它具有記憶體分配、釋放、碎片管理等基本功能。
2. bfc基本演算法思想
1. 資料結構
整個記憶體空間由一個按基址升序排列的Chunk雙向連結串列來表示,它們的直接前趨和後繼必須在地址連續的記憶體空間。Chunk結構體裡含有實際大小、請求大小、是否被佔用、基址、直接前趨、直接後繼、Bin索引等資訊。
2. 申請
使用者申請一個記憶體塊(malloc)。根據chunk雙鏈表找到一個合適的記憶體塊,如果該記憶體塊的大小是使用者申請的大小的二倍以上,那麼就將該記憶體塊切分成兩塊,這就是split操作。
返回其中一塊給使用者,並將該記憶體塊標識為佔用
Spilt操作會新增一個chunk,所以需要修改chunk雙鏈表以維持前驅和後繼關係
如果使用者申請512的空間,正好有一塊1024的chunk2是空閒的,由於1024/512 =2,所以chunk2 被split為2塊:chunk2_1和chunk2_2。返回chunk2_1給使用者並將其標誌位佔用狀態。
3. 釋放
使用者釋放一個記憶體塊(free)。先將該塊標記為空閒。然後根據chunk資料結構中的資訊找到其前驅和後繼記憶體塊。如果前驅和後繼塊中有空閒的塊,那麼將剛釋放的塊和空閒的塊合併成一個更大的chunk(這就是merge操作,合併當前塊和其前後的空閒塊)。再修改雙鏈表結構以維持前驅後繼關係。這就做到了記憶體碎片的回收。
如果使用者要free chunk3,由於chunk3的前驅chunk2也是空閒的,所以將chunk2和chunk3合併得到一個新的chunk2',大小為chunk2和chunk3之和。
3. bins
1. bins資料結構
bfc演算法採取的是被動分塊的策略。最開始整個記憶體是一個chunk,隨著使用者申請空間的次數增加,最開始的大chunk會被不斷的split開來,從而產生越來越多的小chunk。當chunk數量很大時,為了尋找一個合適的記憶體塊而遍歷雙鏈表無疑是一筆巨大的開銷。為了實現對空閒塊的高效管理,bfc演算法設計了bin這個抽象資料結構。
每個bin都有一個size屬性,一個bin是一個擁有chunk size >= binsize的空閒chunk的集合。集合中的chunk按照chunk size的升序組織成單鏈表。bfc演算法維護了一個bin的集合:bins。它由多個bin以及從屬於每個bin的chunks組成。記憶體中所有的空閒chunk都由bins管理。

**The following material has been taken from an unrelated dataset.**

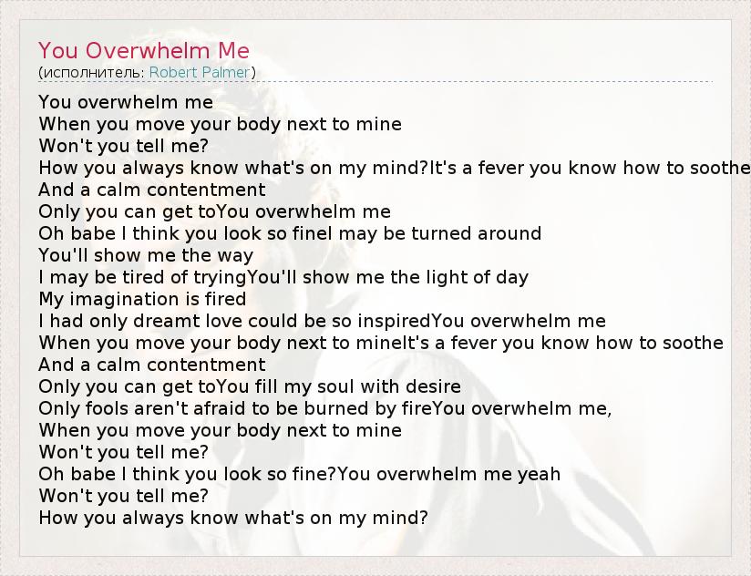 You overwhelm me When you move your body next to mine Won't you tell me? How you always know what's on my mind?It's a fever you know how to soothe And a calm contentment Only you can get toYou overwhelm me Oh babe I think you look so fineI may be turned around You'll show me the way I may be tired of tryingYou'll show me the light of day My imagination is fired I had only dreamt love could be so inspiredYou overwhelm me When you move your body next to mineIt's a fever you know how to soothe And a calm contentment Only you can get toYou fill my soul with desire Only fools aren't afraid to be burned by fireYou overwhelm me, When you move your body next to mine Won't you tell me? Oh babe I think you look so fine?You overwhelm me yeah Won't you tell me? How you always know what's on my mind?

圖中每一列表示一個bin,列首方格中的數字表示bin的size。bin size的大小都是256的2^n的倍。每個bin下面掛載了一系列的空閒chunk,每個chunk的chunk size都大於等於所屬的bin的bin size,按照chunk size的升序掛載成單鏈表。
2. bins操作
bfc演算法針對bins這個集合設計了三個操作:search、insert、delete。
search
給定一個chunk size,從bins中找到大於等於該chunksize的最小的那個空閒chunk。Search操作具體流程如下。如果bin以陣列的形式組織,那麼可以從index = chunk size /256 >>2的那個bin開始查詢。最好的情況是開始查詢的那個bin的chunk連結串列非空,那麼直接返回連結串列頭即可。這種情況時間複雜度是常數級的。最壞的情況是遍歷bins陣列中所有的bin。對於一般大小的記憶體來說,bins陣列元素非常少,比如4G空間只需要23個bin就足夠了(256 * 2 ^ 23 > 4G),因此也很快能返回結果。總體來說search操作是非常高效的。對於固定大小記憶體來說,查詢時間是常數量級的。
insert
將一個空閒的chunk插入到一個bin所掛載的chunk連結串列中,同時需要維持chunk連結串列的升序關係。具體流程是直接將chunk插入到index = chunk size /256 >>2的那個bin中即可。
delete
將一個空閒的chunk從bins中移除。
4. 總結
將記憶體分塊管理,按塊進行空間分配和釋放。
通過split操作將大記憶體塊分解成使用者需要的小記憶體塊。
通過merge操作合併小的記憶體塊,做到記憶體碎片回收
通過bin這個抽象資料結構實現對空閒塊高效管理。
5. 程式碼分析
1. 程式碼地址
https://github.com/tensorflow/tensorflow/tree/master/tensorflow/core/common_runtime
2. 資料結構
Chunk
static const int kInvalidChunkHandle = -1; ... struct Chunk { size_t size = 0; // Full size of buffer.// We sometimes give chunks that are larger than needed to reduce
// fragmentation. requested_size keeps track of what the client
// actually wanted so we can understand whether our splitting
// strategy is efficient.
size_t requested_size = 0;// allocation_id is set to -1 when the chunk is not in use. It is assigned a
// value greater than zero before the chunk is returned from
// AllocateRaw, and this value is unique among values assigned by
// the parent allocator.
int64 allocation_id = -1;
void* ptr = nullptr; // pointer to granted subbuffer.// If not kInvalidChunkHandle, the memory referred to by 'prev' is directly
// preceding the memory used by this chunk. E.g., It should start
// at 'ptr - prev->size'
ChunkHandle prev = kInvalidChunkHandle;// If not kInvalidChunkHandle, the memory referred to by 'next' is directly
// following the memory used by this chunk. E.g., It should be at
// 'ptr + size'
ChunkHandle next = kInvalidChunkHandle;// What bin are we in?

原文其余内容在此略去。